Organizers:  Harry E. Pence, State University of New York college at Oneonta, Oneonta, NY 13861, pencehe@oneonta.edu and Antony Williams, ChemSpider, Royal Society of Chemistry, U.S. Office: Wake Forest, NC-27587, williamsa@rsc.org

As more and more students are bringing web-enabled mobile devices, like smartphones and tablet computers, into the classroom, it is important to ask how this will change the teaching and learning process. Since most students always carry their smartphones, these devices provide continuous access to web pages, podcasts, videos, and other instructional materials, including during lecture. Mobile devices are also a powerful vehicle for both markered and markerless augmented reality applications.
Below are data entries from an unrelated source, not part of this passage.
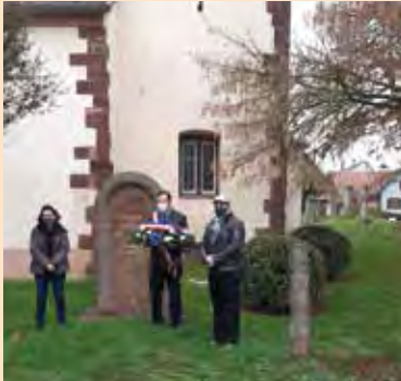
à Gim Brett

Chaque année, nous avons l'habitude de nous souvenir de l'Armistice de 1918. Cet événement qui marque notre histoire de France et encore davantage notre terre alsacienne a fait l'objet d'une cérémonie dans chaque village, plus intime qu'à l'accoutumé en raison de la pandémie.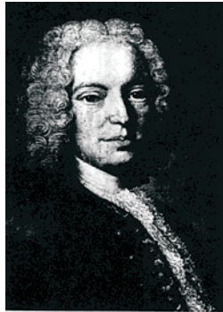
Daniel Bernoulli Daniel Bernoulli (1700-1782)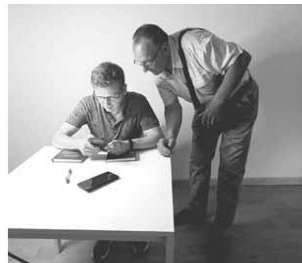
По завершенню презентації гості купували книги. Кожен, хто придбав видання, отримав на згадку автограф від автора

абуте» і буквально перекладається як «герб у центрі герба».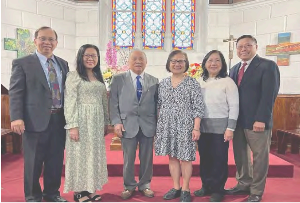
Hội Thánh Tin Lành Paris, Paris, France

Unfortunately, they also may be a source of distraction. How can teachers maximize the utility of these powerful learning devices, while minimizing the opportunities for students' minds to wander?  This symposium was sponsored by the Committee on Computers in Chemical Education.

One of the symposium organizers, Harry E. Pence, began the symposium by discussing Mobile devices and the future of chemical education.  Pence argued that more than half of the students in many chemistry classrooms now own smartphones and/or tablet computers and that percentage is growing rapidly. Smartphones are now at the place where electronic calculators were a little more than a decade ago; many instructors are focused more of potential abuse of the devices than on the ways they will change the learning process. He listed some of the ways that mobile devices can contribute to chemistry instruction, including online information sources, like ChemSpider, QR codes that make physical objects, even pieces of paper, into smart objects that connect to the Internet, access to podcasts, and videos.  He asked whether chemistry teachers are going to respond to these changes or be dragged into the future by our students.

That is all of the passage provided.